Produce a faithful copy of the data, one that leaves out the pictures.

→ Data segment
※ ※ ※
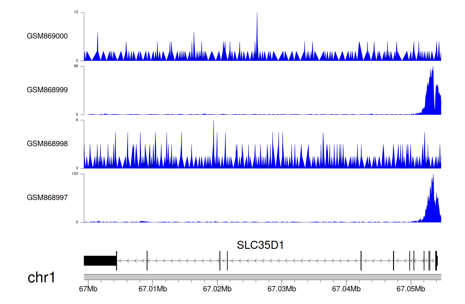> Dataset: GSE68402 - SLC35D1 peak across samples
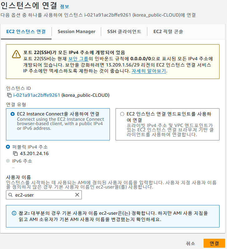 인스턴스에 원격으로 접속할 수 있습니다.
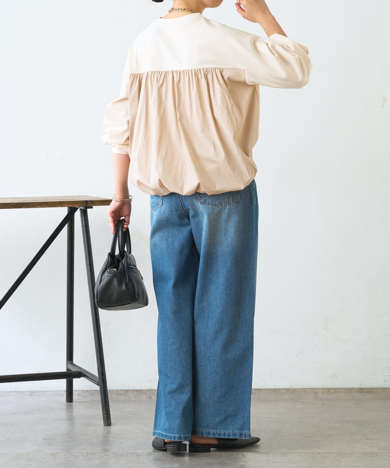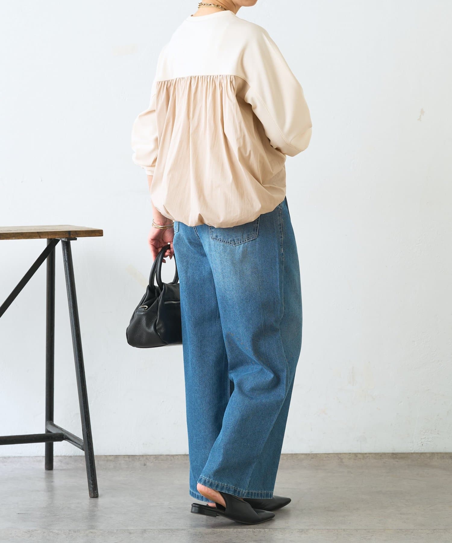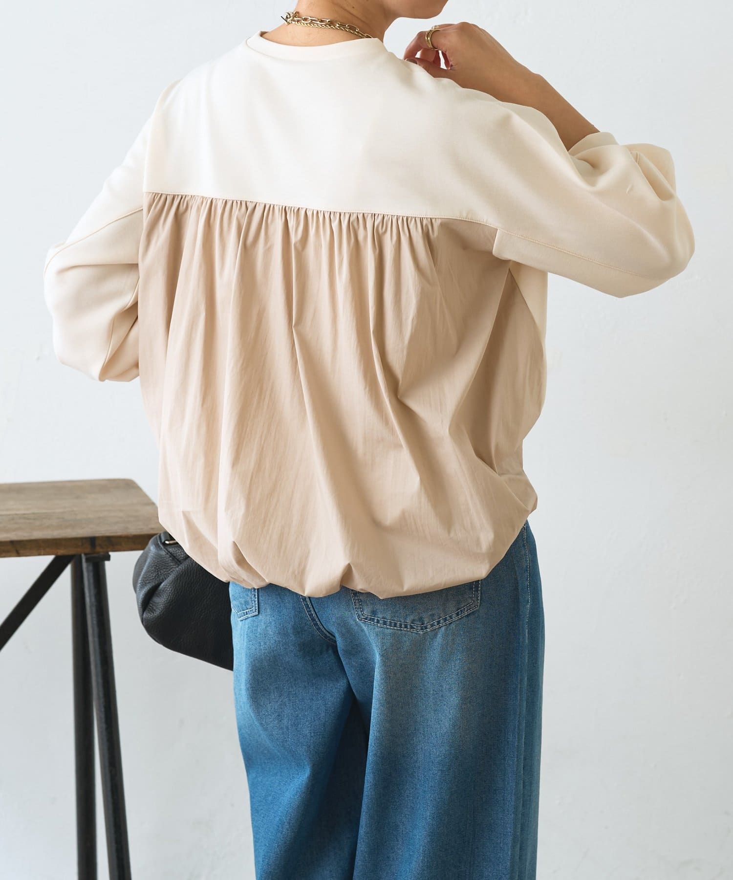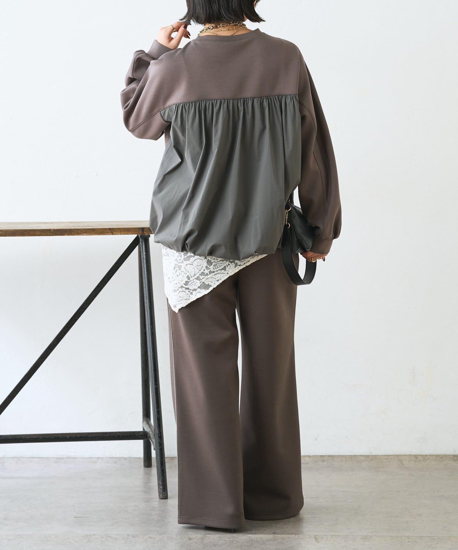 ・バックバルーンで後ろ姿に立体感が生まれ、シンプルでもサマになる1枚。
※ ※ ※
→ Task answer
> Dataset: GSE68402 - SLC35D1 peak across samples
 인스턴스에 원격으로 접속할 수 있습니다.
 ・バックバルーンで後ろ姿に立体感が生まれ、シンプルでもサマになる1枚。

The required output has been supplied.